[Task to complete]: Transcribe the listing below exactly, from its first line through the line with "M esto Bardejov". Omit the pictures.

[Provided records]:
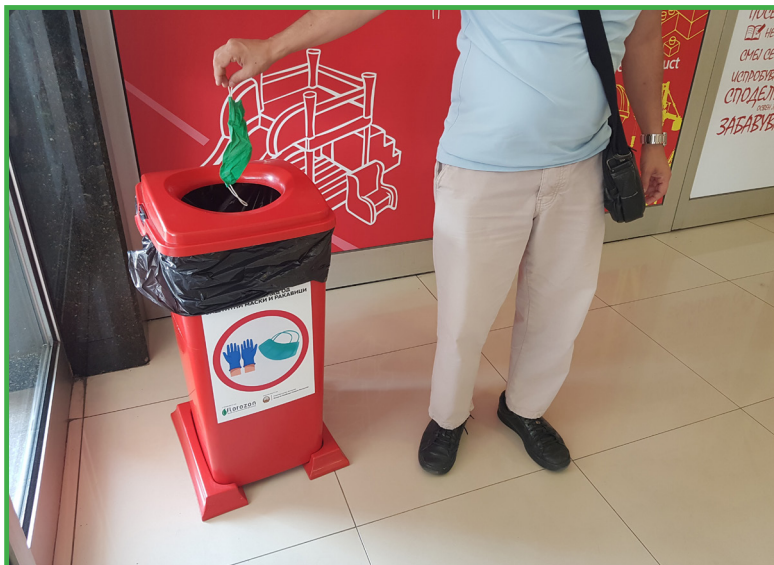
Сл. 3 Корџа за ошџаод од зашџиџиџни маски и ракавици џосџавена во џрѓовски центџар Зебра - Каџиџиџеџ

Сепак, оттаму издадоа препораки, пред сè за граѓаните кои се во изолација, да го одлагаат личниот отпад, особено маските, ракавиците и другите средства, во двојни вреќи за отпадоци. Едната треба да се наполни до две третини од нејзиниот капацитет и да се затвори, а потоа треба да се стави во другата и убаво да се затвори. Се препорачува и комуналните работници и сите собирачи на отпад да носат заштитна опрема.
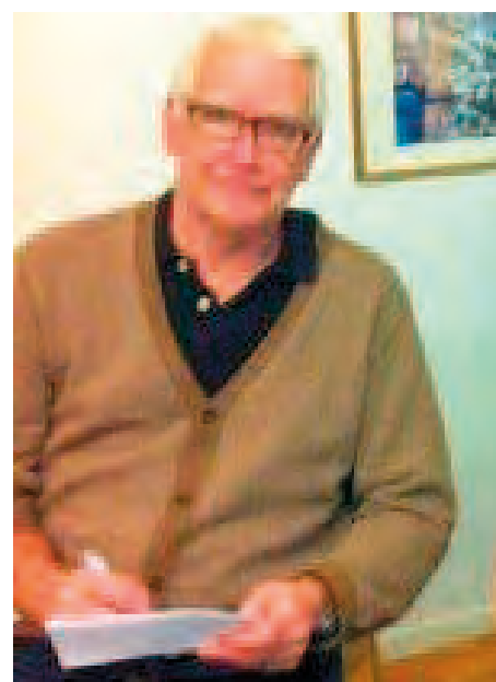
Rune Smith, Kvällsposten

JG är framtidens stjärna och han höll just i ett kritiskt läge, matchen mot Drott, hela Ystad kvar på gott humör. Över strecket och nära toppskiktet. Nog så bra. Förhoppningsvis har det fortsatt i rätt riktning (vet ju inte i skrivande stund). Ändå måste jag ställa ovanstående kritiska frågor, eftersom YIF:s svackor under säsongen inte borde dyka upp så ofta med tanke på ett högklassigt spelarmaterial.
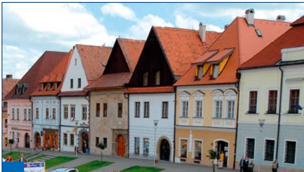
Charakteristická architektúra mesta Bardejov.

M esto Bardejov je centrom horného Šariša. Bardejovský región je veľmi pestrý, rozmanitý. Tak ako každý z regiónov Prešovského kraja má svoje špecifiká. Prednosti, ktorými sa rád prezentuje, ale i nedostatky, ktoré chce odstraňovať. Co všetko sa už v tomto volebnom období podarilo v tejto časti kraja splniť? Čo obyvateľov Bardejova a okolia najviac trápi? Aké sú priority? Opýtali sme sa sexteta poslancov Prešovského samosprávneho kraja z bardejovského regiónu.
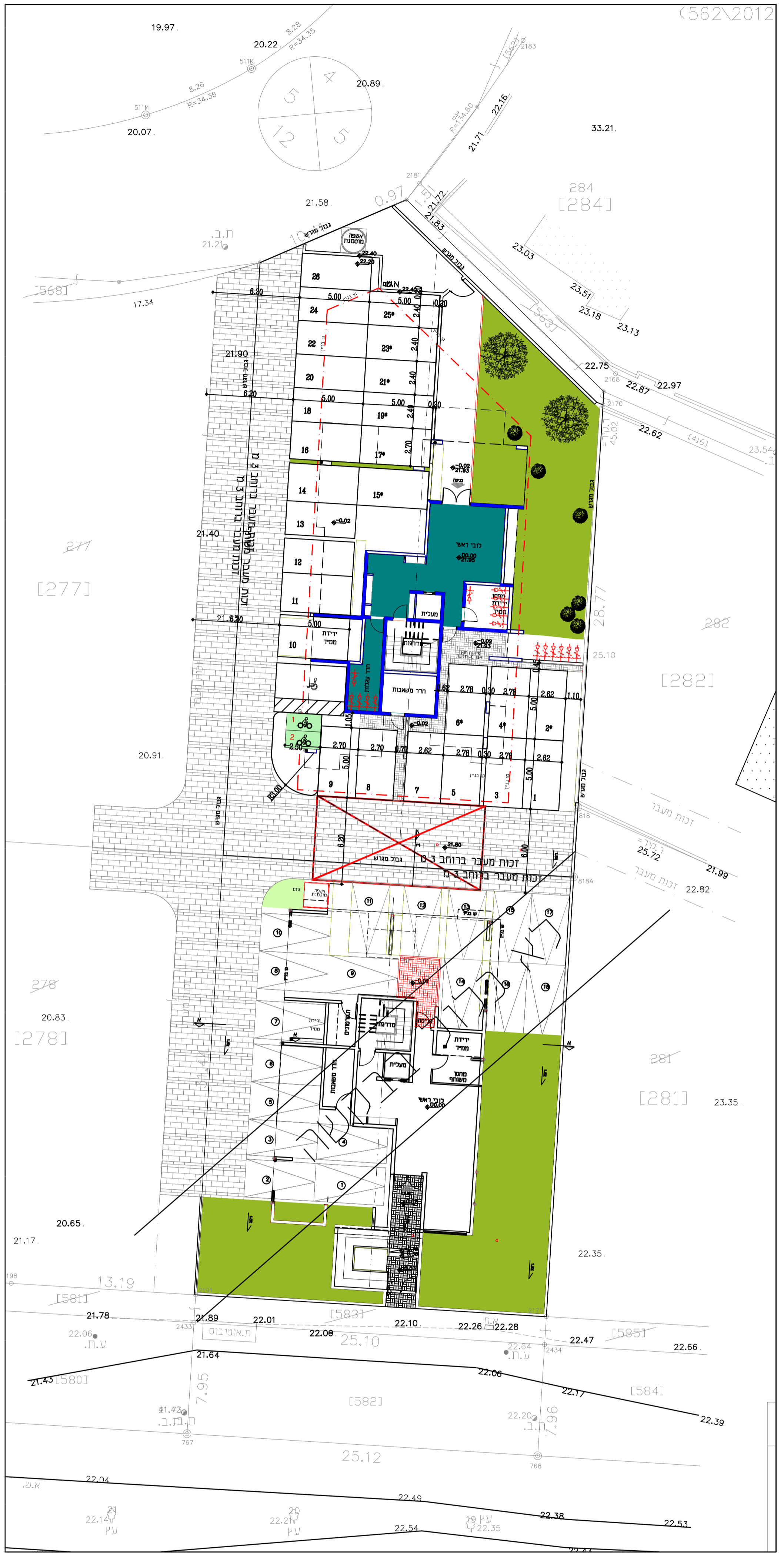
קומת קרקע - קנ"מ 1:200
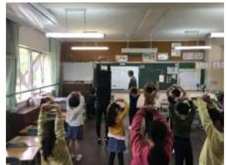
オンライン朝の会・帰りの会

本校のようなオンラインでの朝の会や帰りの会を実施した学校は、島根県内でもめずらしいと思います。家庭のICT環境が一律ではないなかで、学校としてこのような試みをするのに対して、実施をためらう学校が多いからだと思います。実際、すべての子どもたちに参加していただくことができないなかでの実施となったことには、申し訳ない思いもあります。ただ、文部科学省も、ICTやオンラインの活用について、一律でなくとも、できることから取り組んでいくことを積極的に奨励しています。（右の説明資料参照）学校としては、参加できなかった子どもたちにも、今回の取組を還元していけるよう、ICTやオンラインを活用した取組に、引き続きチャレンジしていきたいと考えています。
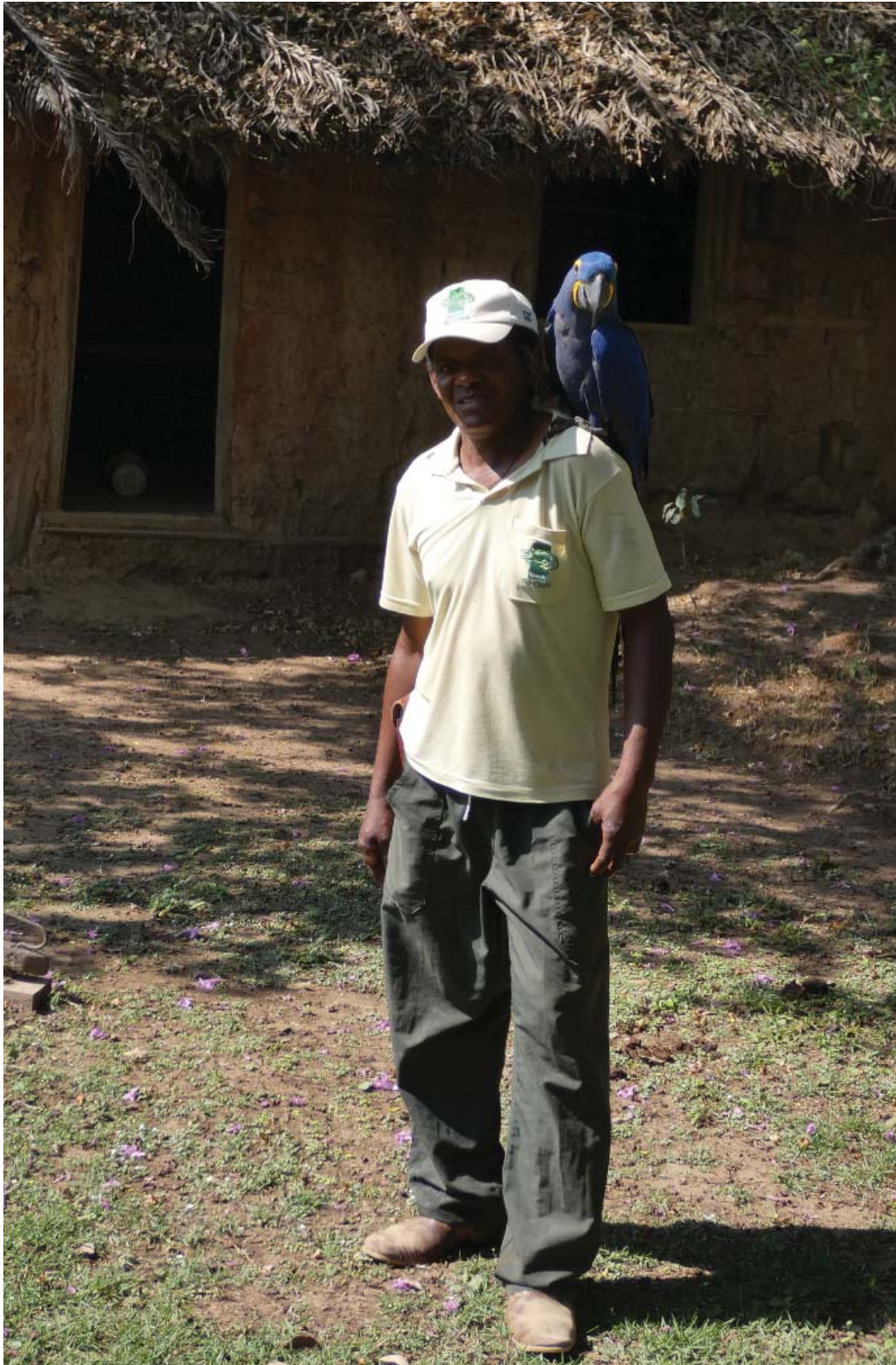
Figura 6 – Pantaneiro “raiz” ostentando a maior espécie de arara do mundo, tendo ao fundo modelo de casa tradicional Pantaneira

[Answer]:
Сл. 3 Корџа за ошџаод од зашџиџиџни маски и ракавици џосџавена во џрѓовски центџар Зебра - Каџиџиџеџ

Сепак, оттаму издадоа препораки, пред сè за граѓаните кои се во изолација, да го одлагаат личниот отпад, особено маските, ракавиците и другите средства, во двојни вреќи за отпадоци. Едната треба да се наполни до две третини од нејзиниот капацитет и да се затвори, а потоа треба да се стави во другата и убаво да се затвори. Се препорачува и комуналните работници и сите собирачи на отпад да носат заштитна опрема.
Rune Smith, Kvällsposten

JG är framtidens stjärna och han höll just i ett kritiskt läge, matchen mot Drott, hela Ystad kvar på gott humör. Över strecket och nära toppskiktet. Nog så bra. Förhoppningsvis har det fortsatt i rätt riktning (vet ju inte i skrivande stund). Ändå måste jag ställa ovanstående kritiska frågor, eftersom YIF:s svackor under säsongen inte borde dyka upp så ofta med tanke på ett högklassigt spelarmaterial.
Charakteristická architektúra mesta Bardejov.

M esto Bardejov je centrom horného Šariša. Bardejovský región je veľmi pestrý, rozmanitý. Tak ako každý z regiónov Prešovského kraja má svoje špecifiká. Prednosti, ktorými sa rád prezentuje, ale i nedostatky, ktoré chce odstraňovať. Co všetko sa už v tomto volebnom období podarilo v tejto časti kraja splniť? Čo obyvateľov Bardejova a okolia najviac trápi? Aké sú priority? Opýtali sme sa sexteta poslancov Prešovského samosprávneho kraja z bardejovského regiónu.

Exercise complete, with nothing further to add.